(To do)
Ignoring every picture, transcribe the data in full as it stands.

(Dataset excerpt)
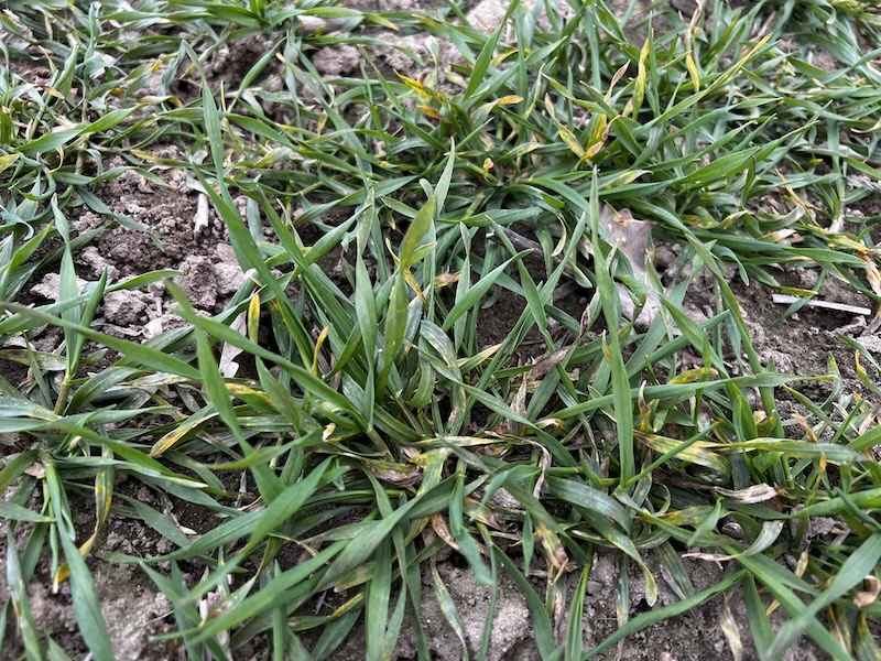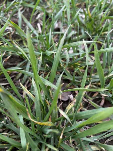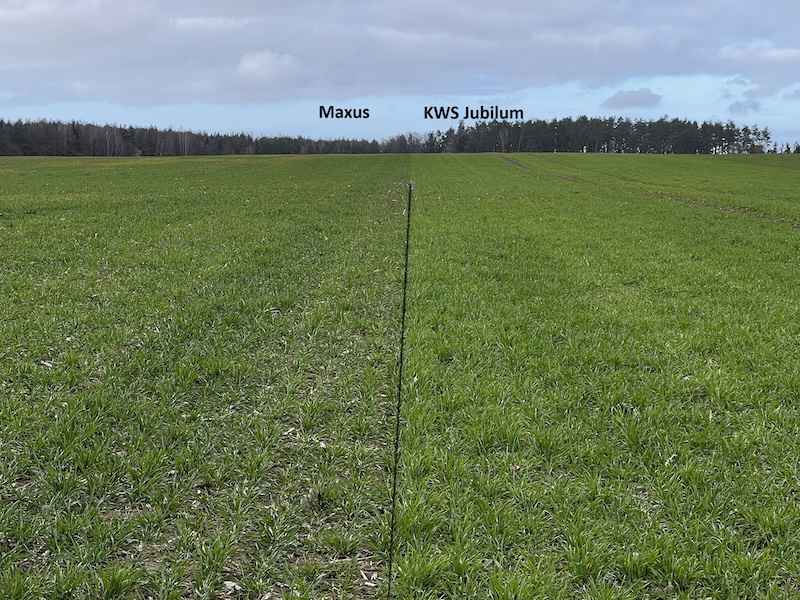 Zarówno pszenice (RGT Diplom, Maxus, KWS Jubilum, Alabama) jak i pszenżyta (Misterio i Tadeus) wykazują doskonałą kondycję i brak uszkodzeń pozimowych.
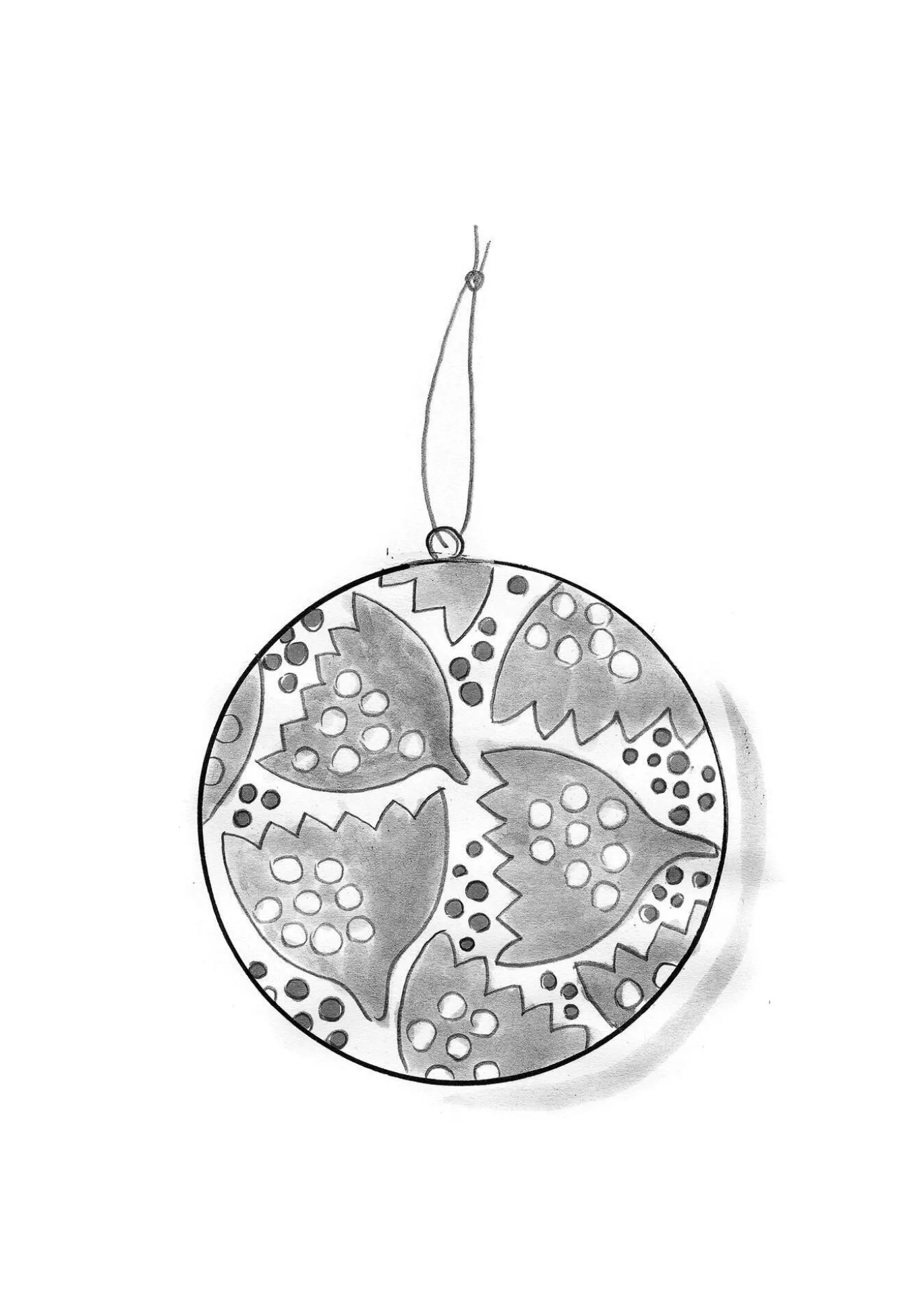Klassinen paperimassasta valmistettu käsinmaalattu joulupallo. Saatavilla eri kuvioita ja hienoja väriyhdistelmiä kodin koristamiseen. Kullanhohtoinen ripustuslenkki.
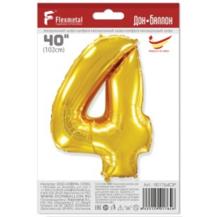 Шар (40''/102 см) Цифра, 4, Золото, 1 шт.

(Worked solution)
 Zarówno pszenice (RGT Diplom, Maxus, KWS Jubilum, Alabama) jak i pszenżyta (Misterio i Tadeus) wykazują doskonałą kondycję i brak uszkodzeń pozimowych.
Klassinen paperimassasta valmistettu käsinmaalattu joulupallo. Saatavilla eri kuvioita ja hienoja väriyhdistelmiä kodin koristamiseen. Kullanhohtoinen ripustuslenkki.
 Шар (40''/102 см) Цифра, 4, Золото, 1 шт.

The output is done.